In 1974, Kavalam moved his residence to the state capital Thiruvananthapuram. In this period his play Avanavan Kadamba was filmed by G. Aravindan. He has worked in many countries, including the former Soviet Union. In Greece he worked with Greek artists on a production of the Ilyayana, a fusion of the Indian Ramayana and the Greek epic Iliad.

He has directed two movies about the greatest Kutiyattam maestro legendary actor Guru Mani Madhava Chakyar: Mani Madhava Chakyar: The Master at Work (1994) and Parvati Viraham (1993) in Kuttiyattam form featuring Mani Madhava Chakyar as Ravana. As a lyricist in Malayalam cinema, he has written for films like Ulsavapittennu, Manjadikuru (2008), Vadakakkoru Hridayam (1978) and Marmaram (1982). He won Kerala State Film Award for Best Lyrics for the latter two films.

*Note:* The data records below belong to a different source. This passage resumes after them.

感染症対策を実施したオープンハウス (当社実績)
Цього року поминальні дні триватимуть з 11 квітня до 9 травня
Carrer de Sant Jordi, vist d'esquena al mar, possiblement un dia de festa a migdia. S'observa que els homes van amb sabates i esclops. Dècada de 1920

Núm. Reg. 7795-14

In 1993 Erin B. Mee directed his play Ottayan in New York City. The Village Voice noted, "the haunting pungency of a rich Asian folk-theatre tradition shines through every stylized gesture."

Erin B. Mee devoted an entire chapter of her book Theatre of Roots to Panikkar's work. His work is also the subject of the volume K.N. Panikkar: The Theatre of Rasa edited by Udayan Vajpeyi. His play Aramba Chekkan is included in Drama Contemporary: India, edited by Erin B. Mee and Erin B. Mee conducted an interview with him for PAJ magazine and his work is the subject of an interview by Erin B. Mee in Seagull Theatre Quarterly: 1995	"The Use of Folk Philosophy in Kavalam Narayana Panikkar's Poetic Theatre of Transformation." Seagull Theatre Quarterly 7:58-62.

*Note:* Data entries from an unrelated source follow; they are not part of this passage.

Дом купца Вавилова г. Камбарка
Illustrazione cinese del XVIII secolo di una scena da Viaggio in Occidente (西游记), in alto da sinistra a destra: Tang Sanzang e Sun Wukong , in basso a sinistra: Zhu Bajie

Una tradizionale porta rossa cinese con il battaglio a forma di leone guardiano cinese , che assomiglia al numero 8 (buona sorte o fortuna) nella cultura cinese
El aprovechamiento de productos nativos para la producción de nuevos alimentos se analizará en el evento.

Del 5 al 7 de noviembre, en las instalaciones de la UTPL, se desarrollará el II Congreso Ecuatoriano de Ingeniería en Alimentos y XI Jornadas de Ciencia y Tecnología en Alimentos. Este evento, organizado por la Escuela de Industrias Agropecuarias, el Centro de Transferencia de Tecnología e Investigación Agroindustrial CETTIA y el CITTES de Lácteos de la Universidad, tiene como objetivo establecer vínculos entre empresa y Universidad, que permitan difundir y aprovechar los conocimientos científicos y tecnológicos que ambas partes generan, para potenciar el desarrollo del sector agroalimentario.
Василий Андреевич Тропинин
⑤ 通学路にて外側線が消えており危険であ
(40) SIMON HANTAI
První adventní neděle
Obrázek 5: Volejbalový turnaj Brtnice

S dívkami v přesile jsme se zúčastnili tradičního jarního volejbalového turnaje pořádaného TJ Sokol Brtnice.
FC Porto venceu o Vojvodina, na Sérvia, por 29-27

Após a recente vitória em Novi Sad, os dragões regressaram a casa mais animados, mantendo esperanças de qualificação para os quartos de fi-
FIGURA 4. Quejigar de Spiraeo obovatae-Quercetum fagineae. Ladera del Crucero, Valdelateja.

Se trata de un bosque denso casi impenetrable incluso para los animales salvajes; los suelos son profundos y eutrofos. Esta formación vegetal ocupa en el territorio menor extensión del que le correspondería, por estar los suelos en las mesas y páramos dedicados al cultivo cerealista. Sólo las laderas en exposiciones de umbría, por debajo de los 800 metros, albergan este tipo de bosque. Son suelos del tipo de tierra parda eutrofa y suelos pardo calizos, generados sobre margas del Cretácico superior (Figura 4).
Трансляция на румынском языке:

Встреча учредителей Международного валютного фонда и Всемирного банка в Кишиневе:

He served as a remained a consultant at Asianet Communications and as vice-chairman of the Sangeet Natak Akademi, New Delhi.

==Personal life==

Kavalam lived in Thiruvananthapuram with his wife Saradamani and also had another house in his native village of Kavalam. He had two sons — Kavalam Harikrishnan and Kavalam Sreekumar. Kavalam Harikrishnan, the elder son, served as Bhasabharathi's Chief contact person before he died of cancer in October 2009. His younger son Kavalam Sreekumar, is a singer in Kerala. Sreekumar sang folk and light music numbers over three decades. He also sang for Malayalam films over the years.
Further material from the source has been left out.